Patterns of Dissimilarities Among Instrument Models in Measuring Po2, Pco2, and pH in Blood Gas Laboratories: Conclusion

28 Apr

The finding that models of the same manufacturer usually differ significantly from each other for two or more analytes (Table 2) initially was surprising to us. However, these model differences are likely due to continuing improvements in analyzer geometry, calibration and flushing techniques, temperature control, electronic signal modification, and other unknown factors. Manufacturers can be expected to continue to upgrade and introduce new instrument models, in order to decrease inaccuracy, decrease imprecision, decrease sample size, decrease instrument and technician errors, increase speed of analysis, and improve ease of quality control. Such improvements may have increased the quality and ease of blood gas and pH measurements, but currently significant differences between models and between manufacturers continue.
Clinical Importance of These Findings
How important are these model differences in research or clinical practice? The difference between models often exceeds twice the standard deviation (SD) of a single model, and especially the SD of a single instrument. (The average SDs for the 20 models at all participating laboratories at the three analyte levels are 2.5 mm Hg for Po2, 1.3 mm Hg for Pco2, and 0.008 for pH; historically SDs are even less for individual instruments.) In research, it is obviously unwise for an investigator to shift between models without first ascertaining their comparability. In clinical practice, the answer to relevance depends on whether one is distinguishing between normality and abnormality, defining the degree of abnormality, or making changes in therapy. Expressed on an absolute basis by referring to Table 4, numerically higher measures are most likely and middle measures are least likely to be affected by model differences; expressed on a percentage basis, both low Po2 and Pco2 values are most likely to be affected by model differences. It would be comforting, but unwise, to ignore these model differences. Differences in or unrecognized alterations in laboratory instrumentation could importantly influence clinical decisions regarding the following: the presence of degree of impaired oxygenation in disability evaluation; the necessity for oxygen supplementation; and the management of respiratory failure or severe respiratory alkalosis.

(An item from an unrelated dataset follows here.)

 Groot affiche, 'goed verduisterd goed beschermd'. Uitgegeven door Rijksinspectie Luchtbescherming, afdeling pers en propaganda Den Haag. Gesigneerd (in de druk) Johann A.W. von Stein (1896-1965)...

These manufacturer and model differences suggest that laboratory directors should consider the similarities and differences between models when reporting data and also when retiring older instruments and adding new instruments to their laboratories. When doing so, the laboratory director can find specific information on probable model differences by examining the complete reports of their recent proficiency testing surveys. Otherwise clinicians may be misled by the values they receive in the same institution from different instruments.